Context is decisive, we are always searching for how to belong (or occasionally how not to belong and rebel). Both belonging and not belonging are dependent on the context. When we have a sense of belonging it usually means we are acting in accord with the context that we find ourselves in.

Context is actually so powerful that it can override our own instincts for self preservation. Ask any soldier who believes in what they are doing and they will tell you that they are risking their lives for their context (country, king, cause, etc). If you want other examples of the power of context just look up Stanley Milgram’s experiments and watch Derek Sivers’ TED Talk on the Dancing Guy.

We hardly ever pay attention to context and mainly take it for granted, focusing on the content instead, and this is a huge mistake if you want to create something new. You see, you can invent a context — and if you do it just right with the right purpose, it can become a thing.

Creating a context is done with true stories that are well told. Occasionally a well articulated future truth will do, and it must then be worked on so it actually becomes present truth — for a future truth that has no commitment is without integrity and thus a future lie. The book Made to Stick suggests that stories should be simple, unexpected, clear, concrete, and emotional. This is strong stuff.
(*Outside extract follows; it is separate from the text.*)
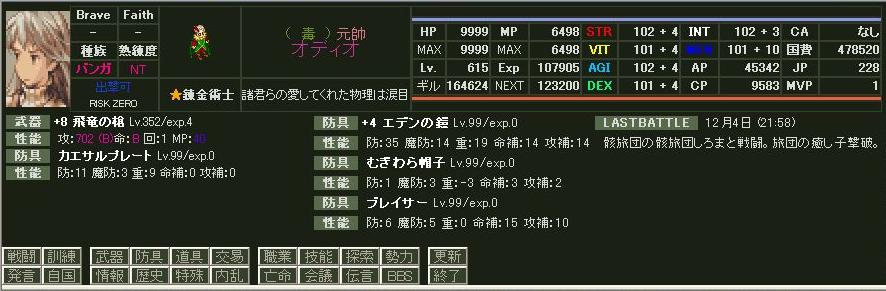 今現在のステータス HPはつい先日カンスト HP4500あたりで2000万投入したがカンストせず さらにそこから400万ほどつっこんでようやくカンスト ギルアップのスリとるで延々狩ってたら LVもいつの間にか600を超えていたという 能力は平均的すぎて強くはない 魔法剣士になれるのはいつになるやら… 装備は自慢できそうなのはエデン鎧ぐらい ただしレア度という意味で 狩り武器は以前は+6Hヴィジランティ(攻:818)だったのだが、 貫通・必中・速↑につられて+8N飛竜の槍にしたがこれが大失敗 /(^o^)\ 両手補正が付かない分、ダメが出ない出ない… 貫通してどうにかってほど メインにRUしたらもう少し違ったんだろうけどなぁ 与一の矢をストックしてあるので狩り武器にできる良弓を待ってるところ <<前のページ | | 最新記事

Great stories suspend disbelief, and great true stories engender action. Action in all its forms is content, and the more fidelity the content has towards its context, the greater the impact. Thus designing a context is done with stories, and designing your business is best done by first designing its context which will engender those all important shared beliefs.

When you have a purpose and you pick the right stories for your context, the desired behaviors emerge from those who enter your designed context, and also people show up as belonging or not, they will also be able to see how to be so they fit in. If someone invited you to a party and you are told it’s fancy dress and then it turns out not to be, you have violated the context and do not fit. So too you must make sure that everyone you need to know about your context hears all the right stories so they can come and fit in with your startup.
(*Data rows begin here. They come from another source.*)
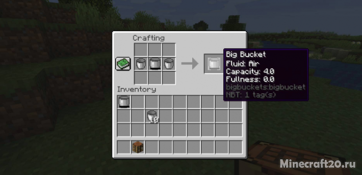 Крафт и создание больших ведер, всего есть 4 разновидности ведер.
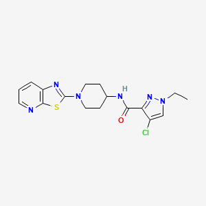 4-Chloro-1-ethyl-N-(1-(thiazolo[5,4-b]pyridin-2-yl)piperidin-4-yl)-1H-pyrazole-3-carboxamide is a synthetic compound that has garnered attention in medicinal chemistry due to its complex structure and potential biological activities. This compound incorporates various heterocyclic moieties, namely thiazole, pyridine, and pyrazole, which are known for their diverse pharmacological properties. Understanding the biological activity of this compound is crucial for its potential therapeutic applications.
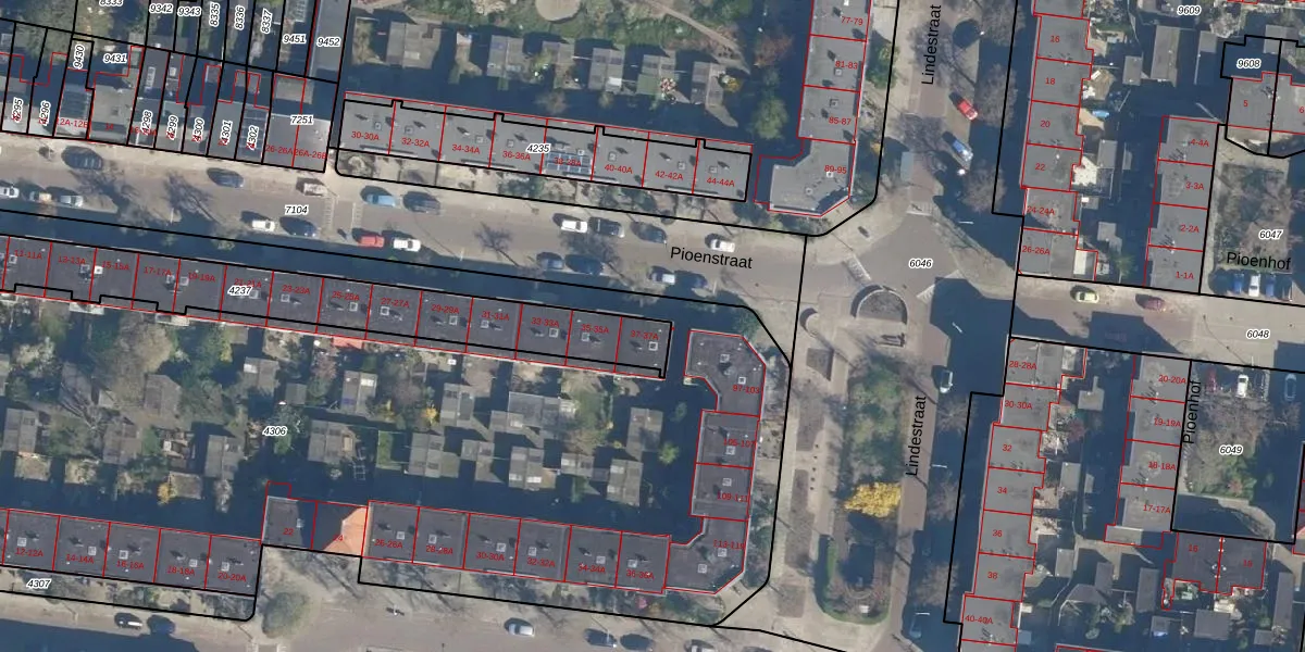 Het perceel waarop Pioenstraat 37 staat heeft een oppervlakte van 1019 m². Dit is een zeer groot perceel. De perceeloppervlakte wordt geregistreerd door het Kadaster. Gedetailleerde informatie over de maten van dit perceel kunt u vinden in het rapport Kadastrale kaart met maatvoering van Pioenstraat 37.

It takes time to find the right stories, refine them, test them, and transmit them — and it is so worth it to do so. You need to identify the behaviors you want to emerge within your context, and then you need to tell great and true stories to lock in those behaviors. You need to persist to grow your context through its stories.
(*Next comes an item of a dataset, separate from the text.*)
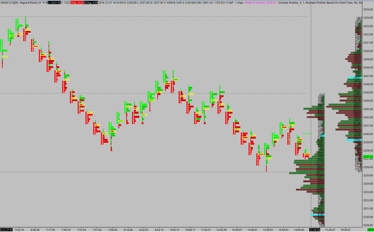 I have included a screenshot of a chart that has volume by price studies on it (indicated by the arrows). I want to export that volume by price data into a spreadsheet so that I can do some analysis on it. I would like it to be formatted so that one column on the spreadsheet is the price and another column is the total volume that was traded at that price. Is there a way to accomplish this? http://www.sierrachart.com/image.php?Image=1577566187974.png |
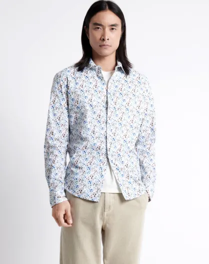 Chemise stretch fleurie en coton mélangé blanche

Every part of a brand is really made up of stories including the name. When we founded CoderDojo, the global free movement of clubs for kids to learn to code, we spent some time on the name, as “Saturday Morning Programming Club for Kids” would not have caught on. “Coder” means computer programmer and “Dojo” means temple of learning, usually for martial arts like karate, and the expectation for learning in a dojo is that you learn experientially, collaboratively, and that you progress by your own efforts.

When I talk about what CoderDojo means to me, I tell stories like: “A young boy was asked what he loved most about CoderDojo, his answer, ‘I love that my wheelchair is invisible here!’’’ This is a true story made of actual facts, and it expresses a vitally important part of the context of CoderDojo, which is acceptance and inclusion. Without true stories like this, you only have an aspiration for your context.

Aspirations make good stories too, and they should be swapped out for reality as soon as possible — as soon as you have enough true stories to tell. And those true stories can be very short and pointed. For instance, “When I see a 12-year-old girl instructing a bunch of 16-year-old boys in how to make an array in JavaScript, I know we have CoderDojo’s gender equality on the right track.“

So if creating powerful stories is a good thing, collecting true ones is an upgrade. Further putting together a few outstanding true stories that speak to the way you wish people to behave within the context you create is a recipe for success that is at once more potent and less costly than any other form of organizing humans… because it connects them through shared beliefs.

Bill Liao is Managing Director at RebelBio and General Partner at SOSV.